Eserlerin bu derece büyütülmüş olmasının bir avantajı da tüm detayları görüyor olmanız. Beni en çok büyüleyen ekranların bir anda Van Gogh’un unutulmaz başyapıtı ‘Natürmort: Vazoda 12 Ayçiçeği’ nde kullandığı safran sarısına bürünmesi oldu. Sergi, renkleri ve incelikleri yakalama fırsatı sunuyor.
Sergide görebileceğiniz bazı önemli eserler şunlar: Kırmızı Üzüm Bağı, Natürmort: Vazoda 12 Ay Çiçeği,  Vincent’ın Yatak Odası, Kulağı Sargılı Otoportre (biliyorsunuz kendisi delirip kulağını kesmişti), Teras Kafe, Sandalye ve Pipo, Ren Nehrinde Yıldızlı Bir Gece, Süsen Çiçekleri, Yıldızlı Gece, Otoportre, Açılmış Badem Ağacı, Auvers’de Kilise, Doktor Gachet’nin Portresi, Buğday Tarlası ve Kargalar
Farklı bir deneyim yaşamak istiyorsanız sergiyi gidip gezmenizi öneririm. Ama esas önerim Amsterdam’a yolunuz düşerse Van Gogh Museum’a gitmeniz. Tüm bu eserleri, hatta çok daha fazlasını yerinde görmelisiniz.
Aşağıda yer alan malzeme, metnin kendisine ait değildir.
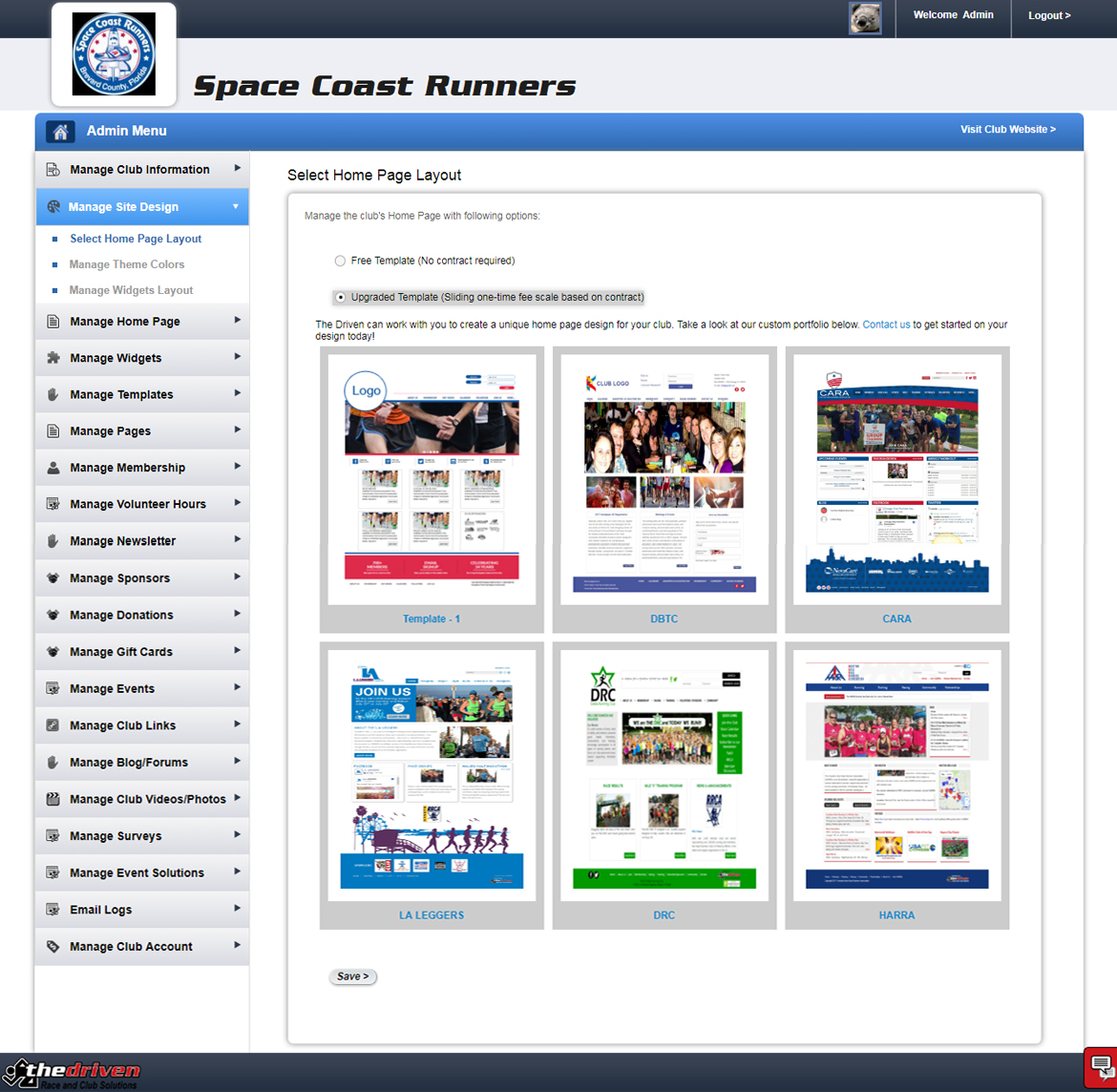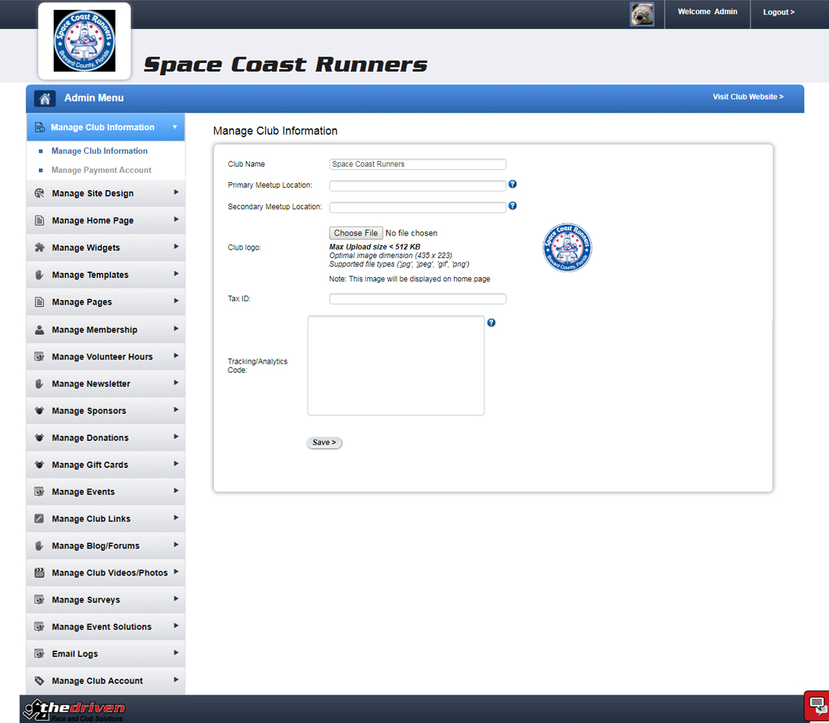 The Driven knows how important branding is to your club, so we give you the capability to customize the look of your club site by first selecting a layout, then adding your header/banner image--which you can display with or without your logo, and managing your theme colors and optional background photo.

Beni hayatım boyunca en etkileyen müzelerden biri oldu açıkçası. Gerçekten olağanüstü ama bu farklı bir yazı konusu. İlerleyen zamanlarda daha detaylı bu müzeden bahsedeceğim. Şimdilik Van Gogh Alive-The Experience ile idare edinJ Sergi, 15 Mayıs 2012 tarihine kadar Karaköy’deki Antrepo 3’te izlenebilir.

1 Şubat 2012 Çarşamba

Şubatta İstanbul'da Ne Yapılır?

Şubat ayına girmiş bulunuyoruz. Kışın tam ortasındayız. Bu sene soğuk ve kar da oldukça etkili. Ama yine de şubatı seviyorum. İnsanın içini ısıtan bir yanı da yok değil hani. Belki doğduğum ay olduğu için torpil geçiyorumdurJ Kim bilir? Bakalım şubatta İstanbul’da ne gibi kültür-sanat aktiviteleri mevcut:


  • !f İstanbul Uluslar arası Bağımsız Filmler Festivali, bu sene de 16 Şubat’ta başlıyor. Festival kapsamında, aralarında George Clooney’nin başrolünü oynadığı ‘The Descendants’ ve bir kanser hastasının komediyle karışık dramını anlatan ‘50/50’ gibi hit filmlerin yanı sıra kült filmler, kısa filmler, fantastik filmler ve bağımsız sinemadan örnekler izleyiciyle buluşuyor. Bağımsız sinemanın Paris merkezli organizasyonu L’ACID ise 20. Yılını kutlarken ‘!f Istanbul’a 5 filmlik bir seçkiyle katkıda bulunuyor. Bunlar arasında Jacques Nolot’nun meşhur filmi ‘Avant que J’Oublie’ de yer alıyor. Ayrıca son günlerde çok konuşulan ve Ahmet Yıldız cinayetini konu alan ‘Zenne’ adlı filmin de özel bir gösterimi yapılacak. Festivalde her zamanki gibi ilginç konuklar ve atölye çalışmları da yer alacak. Festival biletleri 3 Şubat’ta indirimli olarak Mybilet’ten satışa çıkıyor. Kaçırmak istemediğiniz filmlerin biletlerini önceden almanızı tavsiye ederim. Daha fazla bilgi için: www.ifistanbul.com/tr/

  • Abdi İbrahim’ ilaç firması bu sene 100. kuruluş yıldönümünü kutlarken bilim ve sanatı bir araya getiriyor. Van Gogh Alive Dijital Sanat Sergisi’ni sanatseverlerle buluşturmak üzere İstanbul’a getiriyor. Sergide, geleneksel sergileme tekniklerinin aksine yüksek çözünürlüklü projektörler sayesinde Van Gogh’un son dönem eserlerinin duvara, zemine ve hatta tavana yansıtılmış hallerini görebileceksiniz. Bu sergi, izleyiciye ışık, ses ve renklerin karmasının olduğu bir şölen vaat ediyor. Farklı bir deneyim yaşamak için mutlaka gezin. Sergi, Karaköy’de bulunan Anterepo 3’te 10 Şubat’ta açılıyor.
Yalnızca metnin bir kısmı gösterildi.